The squadron formed at RNAS Worthy Down on 9 October 1939, from the remnants of 811 and 822 squadrons that had survived the sinking of their carrier in September 1939, with Fairey Swordfish aircraft. The squadron disbanded in November 1939 and merged into 774 Naval Air Squadron but reformed the same month.

In May 1940 the squadron provided support to the Dunkirk evacuation.

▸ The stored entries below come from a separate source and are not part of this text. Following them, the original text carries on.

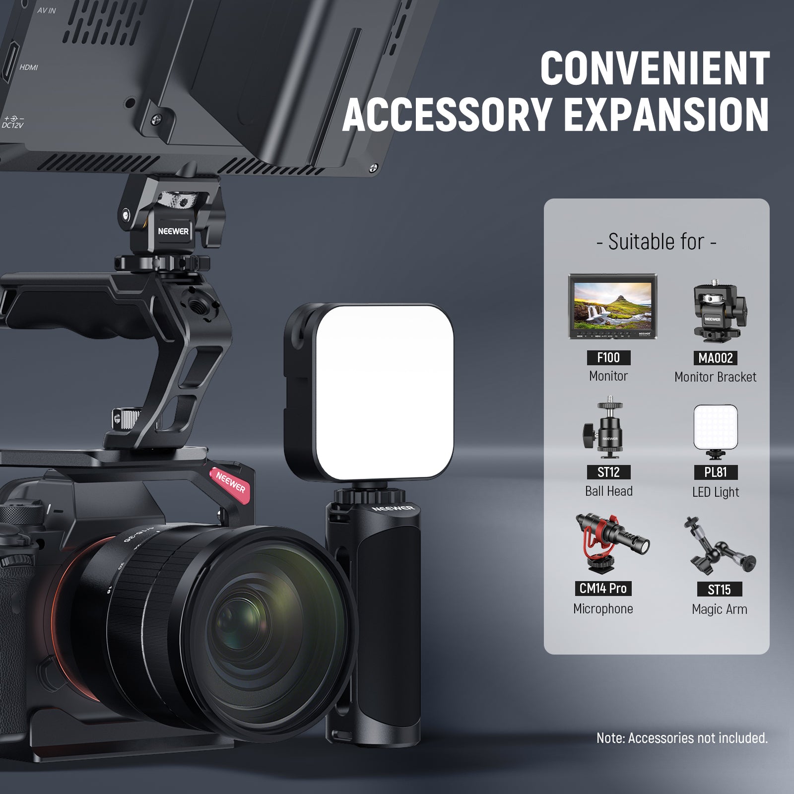 - Convenient Accessory Connection- The Top Handle and the Side Handle Grip are designed with multiple 1/4" threads, 3/8" threads with ARRI locating holes, and cold shoes for mounting magic arms (UA012/ST15), monitor mounts (MA002/MA004), LED lights (PL81/RGB62), microphones (CM14 PRO), and other peripherals for enhanced video quality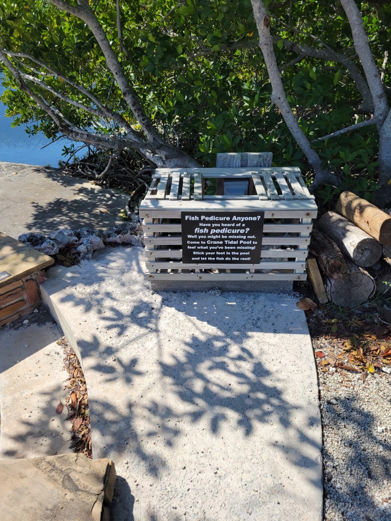 On another day I went in the other direction to the Crane Point Hammock Museum and Nature Trails. I loved this little park. The entry fee was $14.95, and I thought it was worth it. The trails are wide and well-maintained, with descriptive signs along the way regarding the trees and sea life encountered along the way. There’s supposed to be a 9-minute film to summarize what’s in the park, but the projector was not working that day. I saw a nurse shark in the water off of the Sunset Boardwalk. I walked through the bird rehab area and saw dozens of birds. The Crane house was closed for renovations, but the saltwater pond was open and just waiting for my feet to get a fish pedicure. The water was a little chilly, but those tiny little fish did their thing to my tootsies. I was mesmerized and sat there for some time. I also saw the largest spider I had ever seen. Thankfully, it was way above my head in a giant web catching gross bugs. A passerby pointed it out, and I never would have seen it on my own.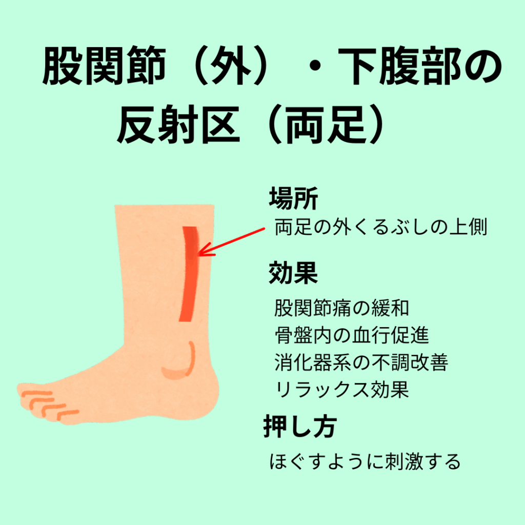 足の外側、くるぶしの上部あたりには、股関節(外側)や下腹部に対応する反射区があります。

In June 1940, the squadron embarked on and sailed for the Mediterranean in August, attacking and minelaying Benghazi, Rhodes and Tobruk.
The squadron gained early fame with its involvement in the Battle of Taranto in 1940, when the Italian Battlefleet in harbour at Taranto was raided; which redefined the use of air power from the sea. The aircraft of the commanding officer was lost, against the crippling of half the Italian fleet. In March 1941, the squadron fought in the Battle of Cape Matapan. The squadron re-equipped in August 1941, with a mixture of Swordfish and Fairey Albacore aircraft, operating from shore bases in support of the North African campaign.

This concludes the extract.